Player 1 rolls a s-sided die and keeps the result secret then makes a claim for the roll rank (s = 6 in my code)
Player 2 can either doubt or accept
- Doubt: The roll is revealed and compared to the rank. If roll >= claimed rank player 1 wins else player 2 wins
- Accept: Roll remains unrevealed and player 2 gets to roll and claim with the exception that their claim must be higher than the preivous claim
Gameplay continues in this fashion until a player doubts

Approach

It is common for different histories to lead to the same information set within a number of games. Take liar die for example, the only information that matters is the past two claims (current claim and its bounding claim). Identical information sets have the same strategy so calculating that identical strategy for each history that arrives at that information set is wasteful. We can forego recursion in favor of some dynamic programming to avoid this waste. The recursive CFR process can be broken into two iterative processes: a forward pass and a backward pass. This technique is usually refereed to as Fixed-Strategy Iteration CFR or FSICFR.

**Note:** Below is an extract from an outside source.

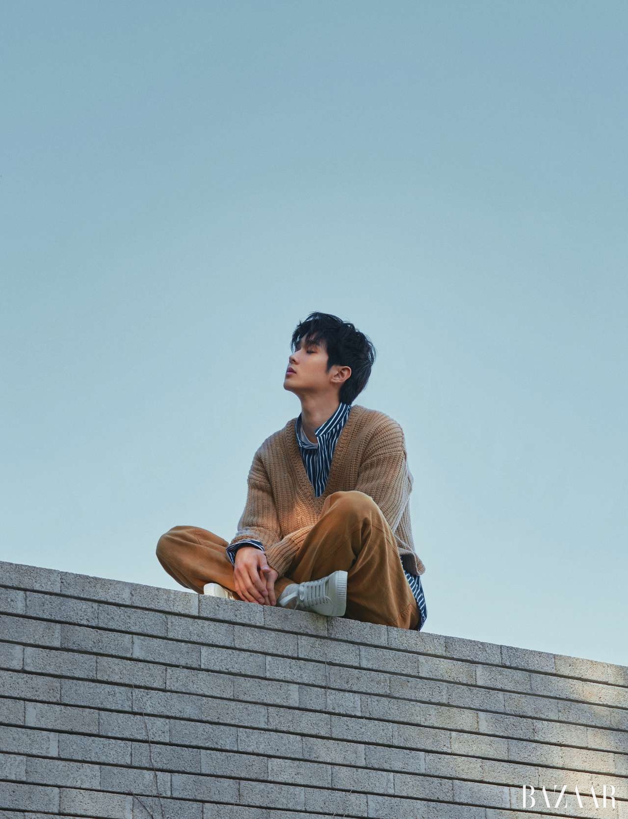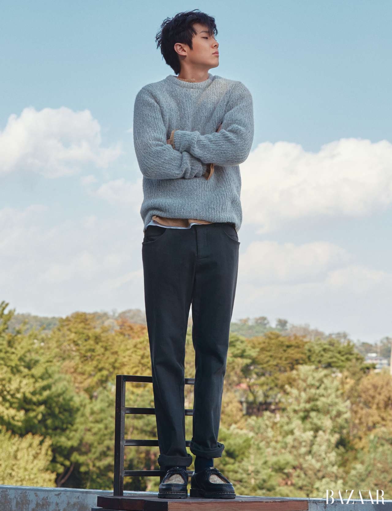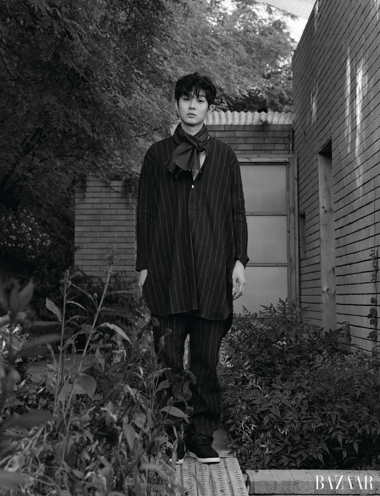 혜화동 산꼭대기에 있는 작은 벽돌집. 침을 ‘꼴깍’ 삼켜야 할 만큼 경사가 가파른 그곳으로 최우식을 초대했다. 눈부신 햇빛을 손으로 가리며 그가 검은 차에서 내렸다. 사방이 막혀 있는 큐브 형태의 스튜디오는 왠지 최우식과 어울리지 않는다고 생각했다. 휘청거리는 낡은 사다리를 타고 올라가면 등장하는 탁 트인 하늘, 제멋대로 자라난 정체 불명의 숲, 불쑥불쑥 출현하는 산 고양이들. 최우식은 호기심으로 여기저기 탐색하고 궁금해했다. “와, 여기서 술 마시면 아침까지 마실 수 있을 것 같은데요?” 촬영 내내 재미있는 현상을 하나 포착했는데, (나를 포함한) 스태프들이 다들 양 볼에 달걀을 머금은 듯 그를 보고 ‘빙그레’ 웃고 있었다는 점이다.

For this game we can break decision nodes down into claim nodes and response nodes.

Response nodes are indexed by two most recent claims and have two options doubt or accept
Claim nodes are indexed by the previous claim (bounding claim) and can choose anything larger than bounding claim but smaller than or equal to the max number of sides

This setup removes game information that is uneccessary to making a decision and allows us to leverage the FSICFR strategy.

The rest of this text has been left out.